Brief: Restate, word for word, the run of lines that starts at the line containing "据不完全统计,2021年1-7月,餐饮领" and ends with the final line of the listing. Leave pictures out.

Provided data:
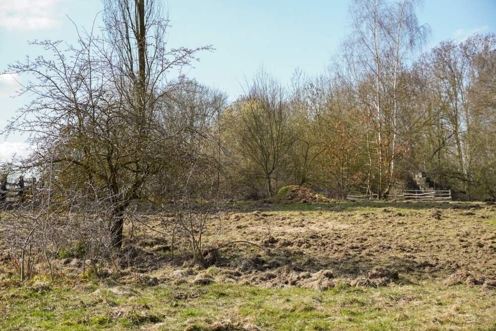 Dort, wo jetzt Hanna, Knut und Rosalie liegen und Anni auf dem Hügel grast, soll es wieder eine leckere Wiese geben. Bisher haben wir immer im Frühjahr einen Bereich für die Schweine unzugänglich abgetrennt, eingesät und dort Wiese wachsen lassen. Dieses Jahr machen wir das Ganze mal anders als sonst, weil eben auch anders ist, als es bisher war. Seit die Wildschweine ihr eigenes Wildschweineland haben, wird im Schweineland weniger großflächig gewühlt. Also probieren wir mal, dort ohne Abtrennung eine schicke, leckere Wiese wachsen zu lassen.
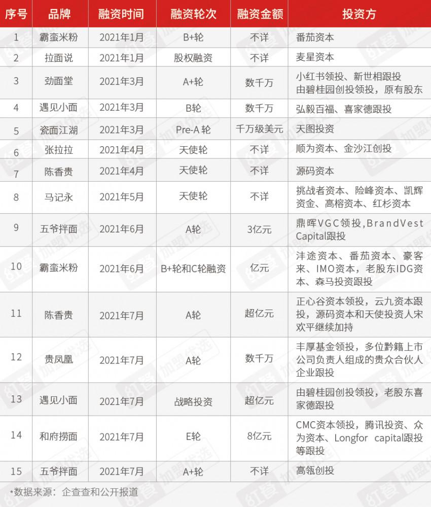 据不完全统计,2021年1-7月,餐饮领域共有70多起投融资事件,其中,面食赛道共计15起。从融资金额来看,亿元级及以上的投融资至少5起。
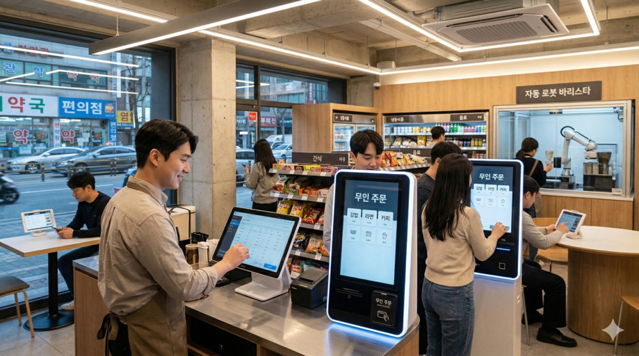 그런데 스마트상점 성공 사례 뒤에는 심각한 우려가 숨어 있다. 기술 도입에는 초기 비용이 든다. 키오스크 1대 설치에 500만~1,000만 원, POS 시스템 200만~500만 원, 재고 관리 앱 월 10~30만 원, 온라인 주문 시스템 월 5~20만 원 등이 필요하다. 정부가 일부를 지원하지만, 소상공인이 자부담하는 비용도 상당하다.

Answer space:
 据不完全统计,2021年1-7月,餐饮领域共有70多起投融资事件,其中,面食赛道共计15起。从融资金额来看,亿元级及以上的投融资至少5起。
 그런데 스마트상점 성공 사례 뒤에는 심각한 우려가 숨어 있다. 기술 도입에는 초기 비용이 든다. 키오스크 1대 설치에 500만~1,000만 원, POS 시스템 200만~500만 원, 재고 관리 앱 월 10~30만 원, 온라인 주문 시스템 월 5~20만 원 등이 필요하다. 정부가 일부를 지원하지만, 소상공인이 자부담하는 비용도 상당하다.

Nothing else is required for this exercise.